Count collisions with current_hash_algorithm
box_length 16: 0 collisions (0.0%)
box_length 32: 786 collisions (0.0%)
box_length 64: 48'378 collisions (0.2%)
box_length 128: 1'771'416 collisions (0.8%)
box_length 256: 16'510'817 collisions (0.9%)
box_length 480: 111'387'188 collisions (1.0%)
Timing hash algorithm with current_hash_algorithm
box_length 16: 0 milliseconds
box_length 32: 0 milliseconds
box_length 64: 0 milliseconds
box_length 128: 3 milliseconds
box_length 256: 24 milliseconds
Timing insertions in unordered map with current_hash_algorithm
box_length 16: 0.00 seconds
box_length 32: 0.01 seconds
box_length 64: 0.05 seconds
box_length 128: 0.46 seconds
box_length 256: 5.35 seconds
Count collisions with new_hash_algorithm
box_length 16: 0 collisions (0.0%)
box_length 32: 0 collisions (0.0%)
box_length 64: 0 collisions (0.0%)
box_length 128: 0 collisions (0.0%)
box_length 256: 0 collisions (0.0%)
box_length 480: 0 collisions (0.0%)
Timing hash algorithm with new_hash_algorithm
box_length 16: 0 milliseconds
box_length 32: 0 milliseconds
box_length 64: 0 milliseconds
box_length 128: 3 milliseconds
box_length 256: 24 milliseconds
Timing insertions in unordered map with new_hash_algorithm
box_length 16: 0.00 seconds
box_length 32: 0.01 seconds
box_length 64: 0.07 seconds
box_length 128: 0.51 seconds
box_length 256: 3.86 seconds
Count collisions with boost_hash_algorithm
box_length 16: 0 collisions (0.0%)
box_length 32: 0 collisions (0.0%)
box_length 64: 14 collisions (0.0%)
box_length 128: 646 collisions (0.0%)
box_length 256: 35'821 collisions (0.0%)
box_length 480: 1'482'657 collisions (0.0%)

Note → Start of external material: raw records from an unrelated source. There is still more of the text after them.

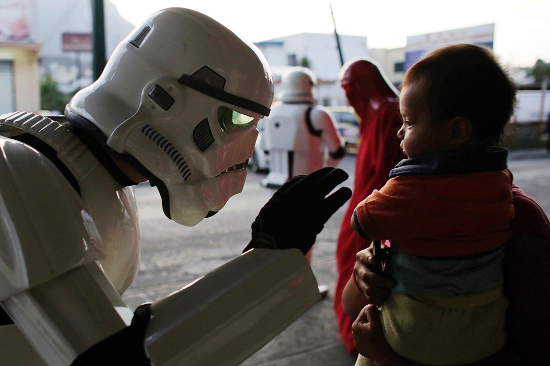 4 мая традиционно считается «Днем „Звездных войн“» — из-за созвучия английского произношения даты с фразой из киносаги «Да пребудет с вами Сила» («May the fourth» — «May the Force be with you»). В этот день фанаты «Звездных войн» облачаются в костюмы любимых героев, будь то имперские штурмовики или Чубакка, и выходят на улицы. «Медуза» посмотрела, как «День „Звездных войн“» отметили в этом году.
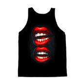 This striking design features a close-up, mirrored image of a pair of open mouths, each showcasing bright red lipstick and dazzling diamond-studded grillz. The artwork employs a bold, hyperrealistic style, emphasizing the glossy texture of the lips and the sparkling facets of the diamonds. The color palette is dominated by vibrant reds, stark whites, and the glittering silver of the grillz, set against a deep black background that enhances the contrast and visual impact. The mirrored composition adds a layer of symmetry and visual interest, drawing the viewer's eye to the intricate details of the teeth and the luxurious grillz. Overall, the design exudes a sense of confidence, glamour, and urban edge.
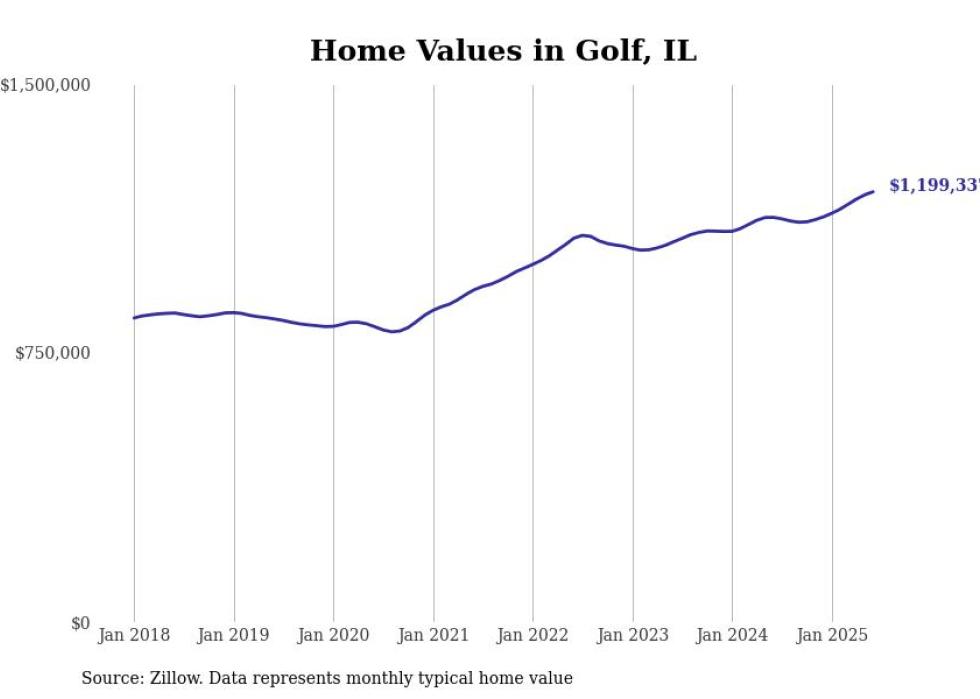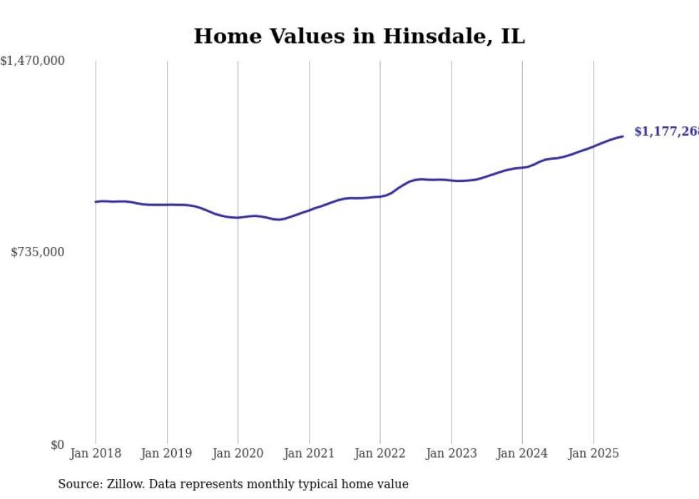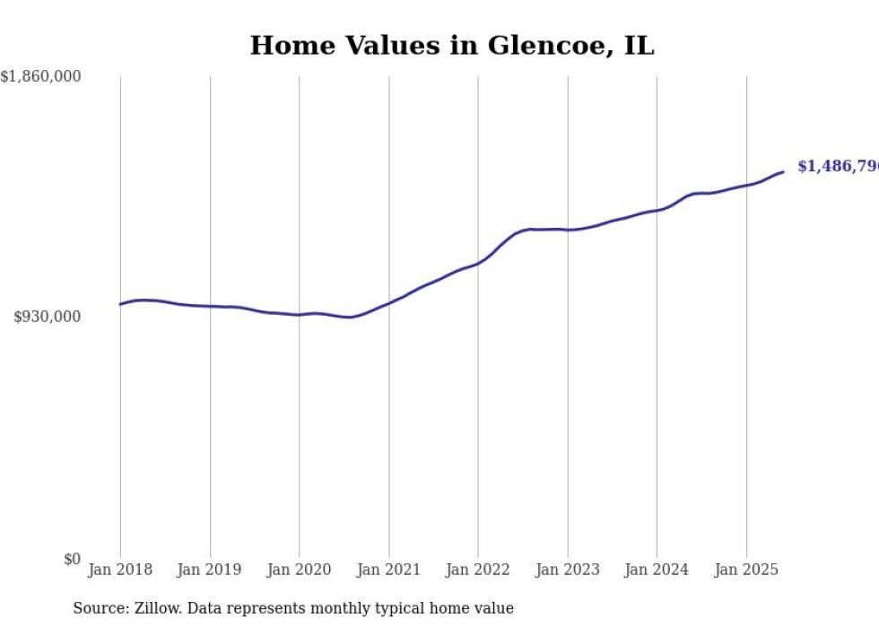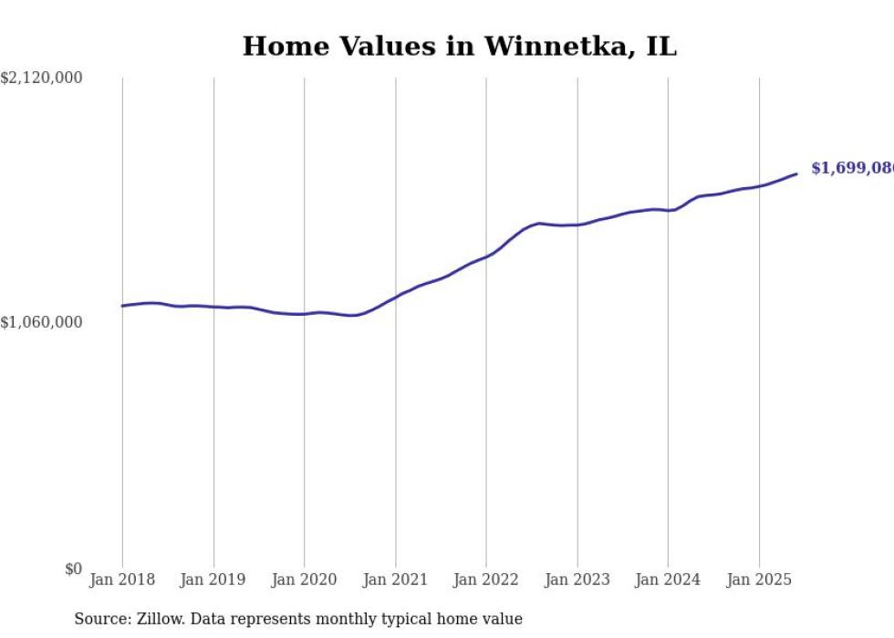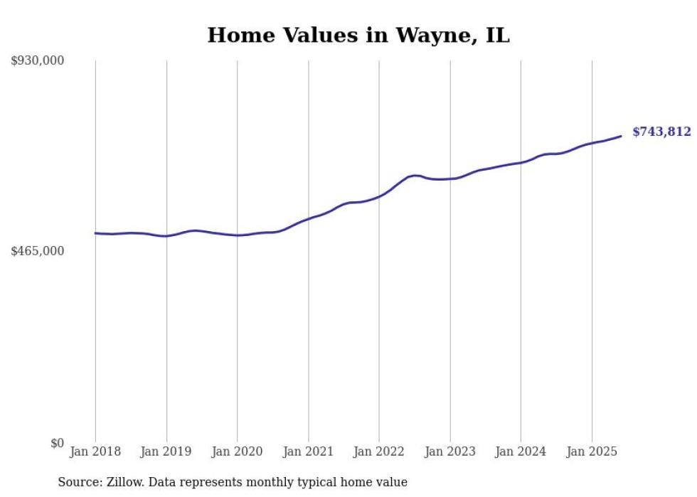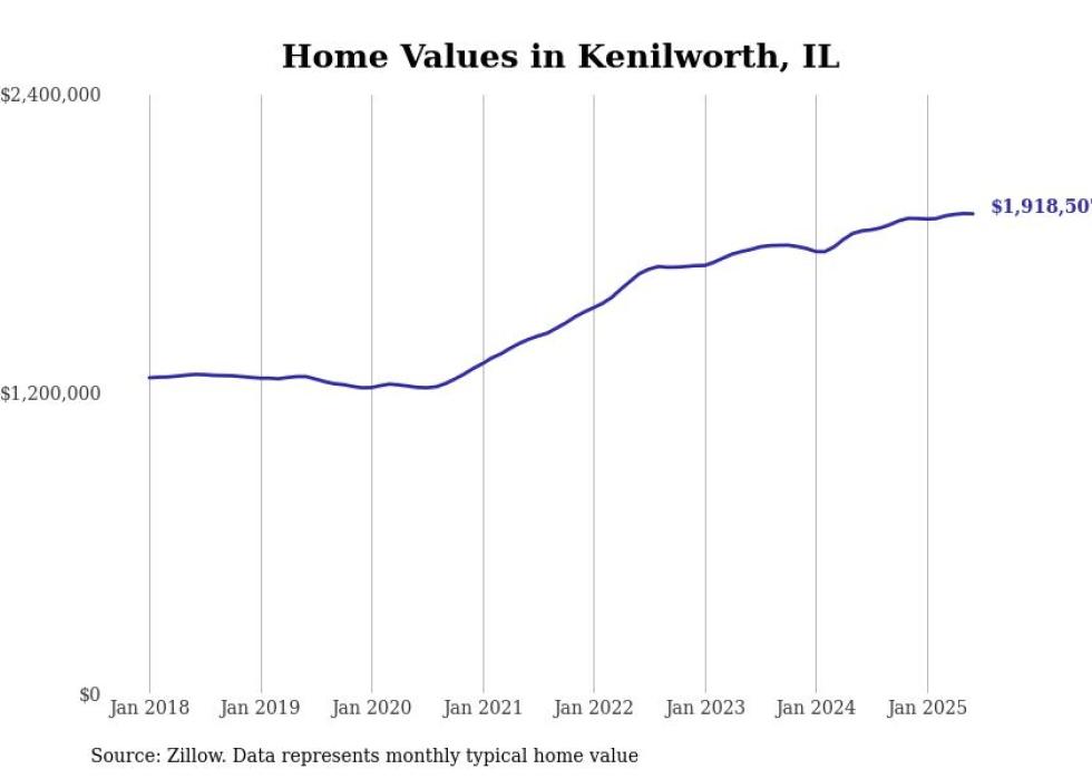 Stacker compiled a list of cities with the most expensive homes in the Chicago-Naperville-Elgin, IL-IN-WI metro area using data from Zillow. Charts show the monthly typical home value since January 2018.

Timing hash algorithm with boost_hash_algorithm
box_length 16: 0 milliseconds
box_length 32: 0 milliseconds
box_length 64: 1 milliseconds
box_length 128: 4 milliseconds
box_length 256: 33 milliseconds
Timing insertions in unordered map with boost_hash_algorithm
box_length 16: 0.00 seconds
box_length 32: 0.01 seconds
box_length 64: 0.15 seconds
box_length 128: 1.57 seconds
box_length 256: 14.79 seconds
While the performance gain of the new hash implementation over the current implementation is noticeable for cell indices >= 64, it's unclear to me how useful that is for end users. Maintaining a hashmap of global cell indices that contains the indices of more than 10% of the blockforest cells is quite a specific use case.
Due to the memory-intensive nature of the benchmark, it's unclear what happens after 512 (maybe my implementation wraps around eventually); for such a use case I would prefer using the Boost version. Even though it is slower and has a few collisions already at 512 on 32bit architectures, it is definitively better tested.
I'm sharing this in case it could prove useful to anyone. If you don't think there are other use cases where this collision rate could be a problem, feel free to close this ticket.